I still like the spider trap (beats having a list of 100+ bots in my .htaccess - some of which must have gone belly up by now) and may play around with the IPs of good bots as well (to what end I don't know yet :))

Many thanks all.

jatar_k

5:06 am on Jul 23, 2005 (gmt 0)

only problem is that referer isn't that reliable, you'll end up banning users.

fish_eye

8:02 am on Jul 23, 2005 (gmt 0)

only problem is that referer isn't that reliable

Surely a local request from one of my own pages is going to be reliable? Do you mean it gets truncated or something? I have seen some odd ones occasionally but not very often.

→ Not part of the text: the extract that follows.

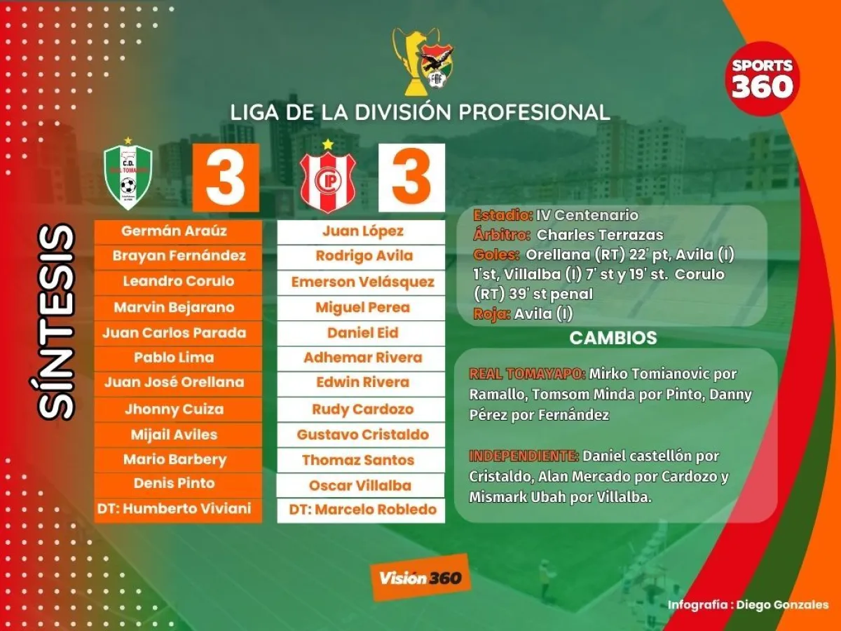 Real Tomayapo e Independiente se mataron a goles en el estadio IV Centenario al igualar a res goles por lado en un segundo tiempo en el que ambos dieron un gran espectáculo a la afición que llego a ese escenario. La victoria estuvo para cualquiera de los dos y la igualdad fue el resultado más justo en el compormiso.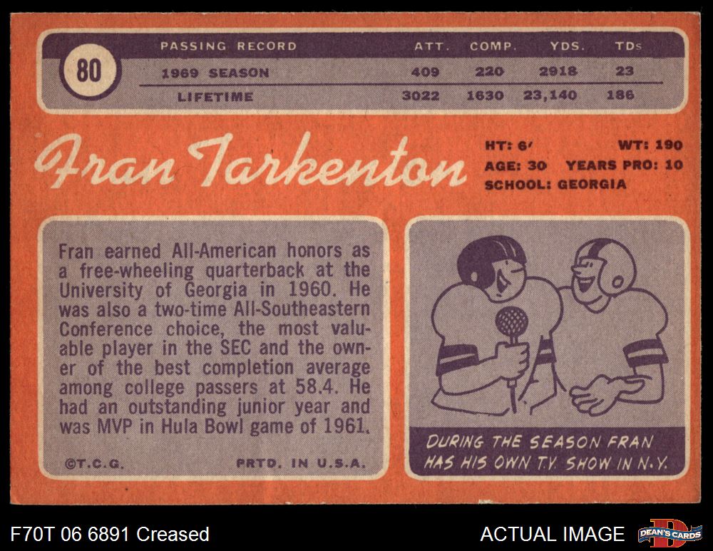 1970 Topps #80 Fran Tarkenton 3 - VG

If you mean it's unreliable if it's from outside then I specifically don't want to store a row for a request from anywhere other than my own pages so all's well.

fish_eye

10:32 am on Jul 23, 2005 (gmt 0)

I just discovered the php spider trap I have been referring to has been updated. The original works in most cases but here is the updated version for those with sites having greater volumes of traffic. (There's also a more extensive background explanation including the need to place a link (hidden or otherwise) to the trap :))

[webmasterworld.com...]

jatar_k, just to clarify, I'm not planning to use referer to ban people - simple to avoid saving spurious (non-)search queries hitting my php search program. The threads got a bit confused because I started to think along the lines of a technique similar to the spider trap (and have now very happily abandoned that approach).

jatar_k

4:29 pm on Jul 23, 2005 (gmt 0)

>> I'm not planning to use referer to ban people

yeah sorry, I used the wrong word there. You will miss lines for people

referer is given to your server by the client, it is reliable about 75% of the time. There are programs that block the referer from being passed and it can easily be faked.

This doesn't mean not to use it but you have to understand that the accuracy is questionable.

fish_eye

7:28 am on Jul 24, 2005 (gmt 0)

it [referer] is reliable about 75% of the time

Really - only that much!?

jatar_k

3:44 pm on Jul 24, 2005 (gmt 0)

it's kind of a rough number but it is about right. Some people get less and some get more.

vincevincevince

4:59 pm on Jul 24, 2005 (gmt 0)

I personally get much more reliability from the referer. Nearer 99%, once spiders are ommitted.

fish_eye

1:06 am on Jul 25, 2005 (gmt 0)

I know it's often blank or "-" but I have always assumed, and some quick analysis seems to confirm, that simply means it's a human coming in from outside (granted it's without a referer, when in fact there may really be one) or it's a bot.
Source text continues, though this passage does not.